### Task to carry out
The copy must hold every line from the one with "১৩ সেপ্টেম্বর, শনিবার।" through the end of the listing, word for word, and must hold no pictures.

### Given data
=======

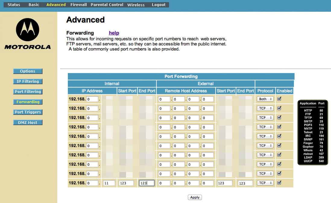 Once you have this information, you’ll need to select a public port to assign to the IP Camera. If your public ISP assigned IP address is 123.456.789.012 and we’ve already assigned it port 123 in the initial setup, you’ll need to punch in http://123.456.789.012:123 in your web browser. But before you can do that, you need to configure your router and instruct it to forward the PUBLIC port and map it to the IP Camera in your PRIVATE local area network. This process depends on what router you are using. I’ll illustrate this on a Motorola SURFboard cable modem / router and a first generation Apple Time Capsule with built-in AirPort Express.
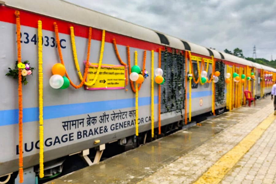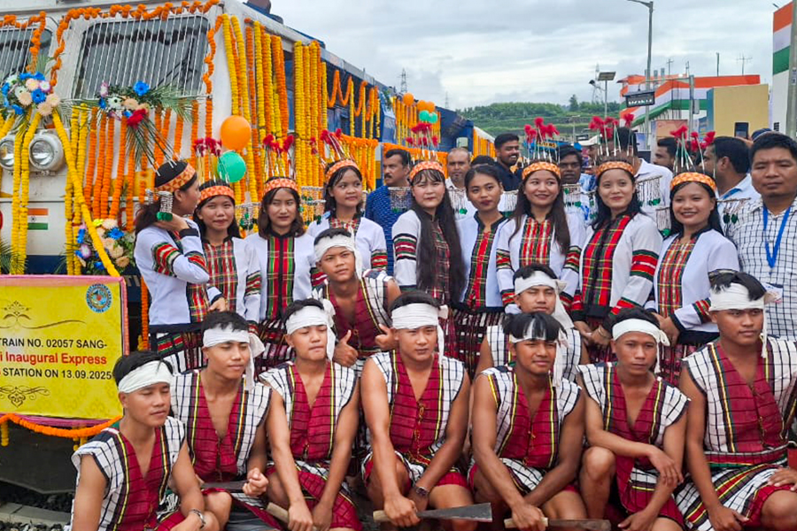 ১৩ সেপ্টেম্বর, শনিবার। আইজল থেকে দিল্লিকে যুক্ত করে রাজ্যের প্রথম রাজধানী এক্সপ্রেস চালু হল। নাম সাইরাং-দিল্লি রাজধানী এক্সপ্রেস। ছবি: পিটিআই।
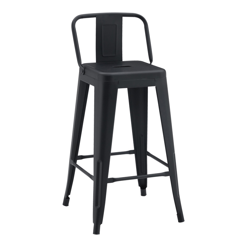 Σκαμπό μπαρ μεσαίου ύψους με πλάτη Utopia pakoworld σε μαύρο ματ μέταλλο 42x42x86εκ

=======

### Solution to this exercise
 ১৩ সেপ্টেম্বর, শনিবার। আইজল থেকে দিল্লিকে যুক্ত করে রাজ্যের প্রথম রাজধানী এক্সপ্রেস চালু হল। নাম সাইরাং-দিল্লি রাজধানী এক্সপ্রেস। ছবি: পিটিআই।
 Σκαμπό μπαρ μεσαίου ύψους με πλάτη Utopia pakoworld σε μαύρο ματ μέταλλο 42x42x86εκ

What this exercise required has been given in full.